The pump’s piston has a diameter of 50 inches, a stroke of 10 feet and works at seven strokes per minute and is capable of moving 39,000 tons of water in 24 hours! The immense size of the pump is due to the fact that there were restrictions on removing water from the river, doing so was only allowed between 8pm on Saturdays and 8pm on Sundays.
The pump house closed along with the canal in 1944 but it was restored in 1979 and is regularly steamed.
Abbey Snooker, September 2017
Fujifilm X-T1, Fujinon XF 18-135mm f3.5~5.6 R LM OIS WR at 44mm, 1/75s, f8, ISO 200
Birmingham reflection, December 2017
Nikon FM, Nikkor 50mm f/2 – 1/60s, f5.6, – Ilford FP4+
Another image from the roll I shot in December for Emulsive’s FP4 Party but that didn’t return from the lab in time for post week.

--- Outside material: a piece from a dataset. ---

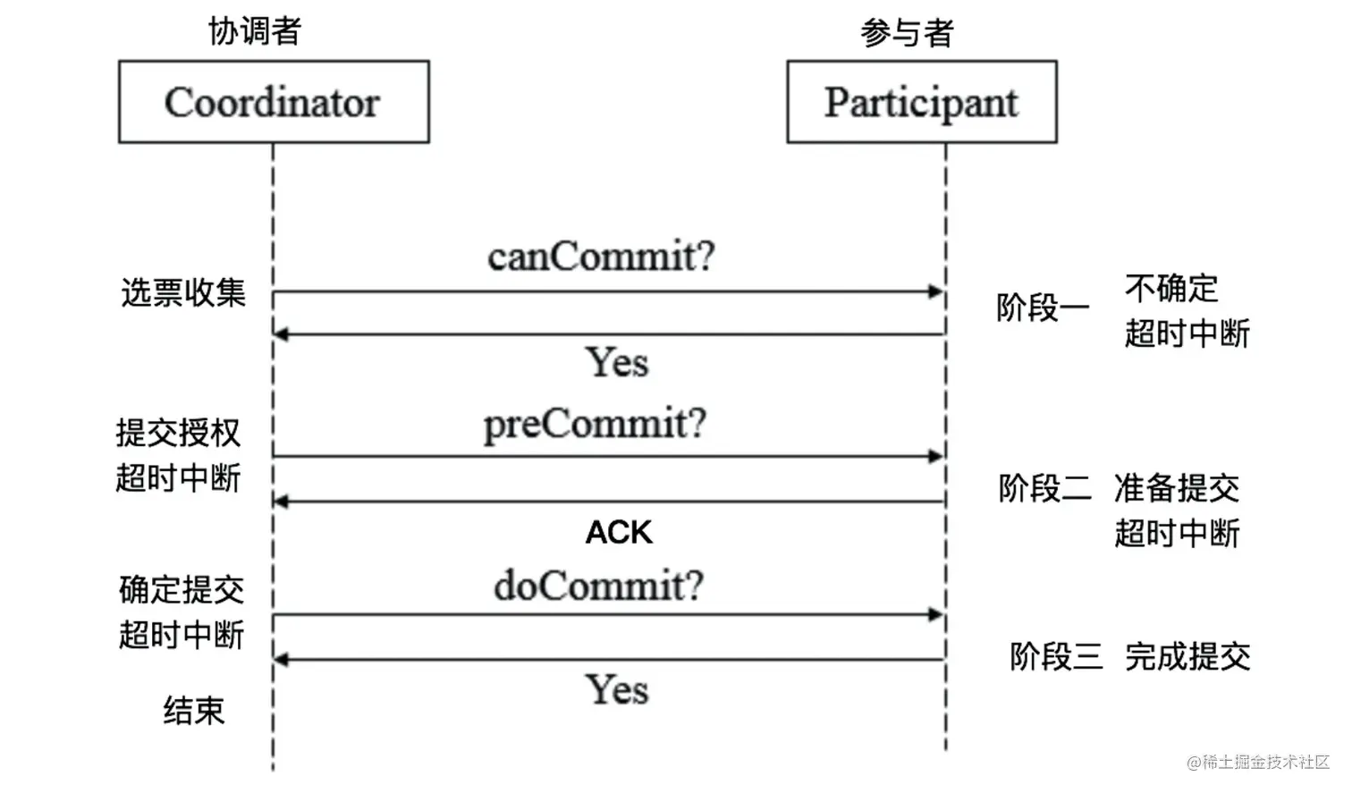 参与者在事务完成后,向协调者反馈Ack信息。- 中断事务

I was changing trains (and stations) in Birmingham, on my way to December’s Beer & Cameras event in Worcester and spotted the Odeon and the iconic Rotunda building mirrored in the reflective surface cladding the Grand Central shopping centre that sits atop New Street railway station.
Scan by AgLab with minimal cropping and tweaking in Lightroom Classic CC.
Sheffield Hallam University’s Owen Building
Fujifilm X-T1, Fujinon XF 18-135mm f3.5~5.6 R LM OIS WR at 22mm, 1/70s, f8, ISO 400
Another image from my recent trip to Sheffield. The Owen Building isn’t the most photogenic of structures but in the right light it can look pretty special (in my opinion anyway…)
‘Well, I suppose nothing is meant to last forever. We have to make room for other people. It’s a wheel. You get on. You go to the end. And someone else has the same opportunity to go to the end. And so on. And somebody else takes their place.’
Vivian Maier (American street photographer) – February 1, 1926 – April 21, 2009
The old Post Office, Ilkeston
Minolta Dynax 505si Super, Minolta AF 50mm f/1.7 – 1/45s, f4, – Ilford FP4+ rated at ISO 200
I have a fondness for what are known as ‘Ghost’ signs… that is to say old painted, carved or tiled signs advertising long defunct businesses and I photograph them whenever possible.
Hogarths Gin Palace now occupies the building that this particular sign adorns, while the Post Office resides in a tiny, nondescript location closer to the centre of town.
This is an image from the roll of film I shot for January’s Emulsive FP4 Party.
Scan by AgLab with minimal cropping and tweaking in Lightroom Classic CC.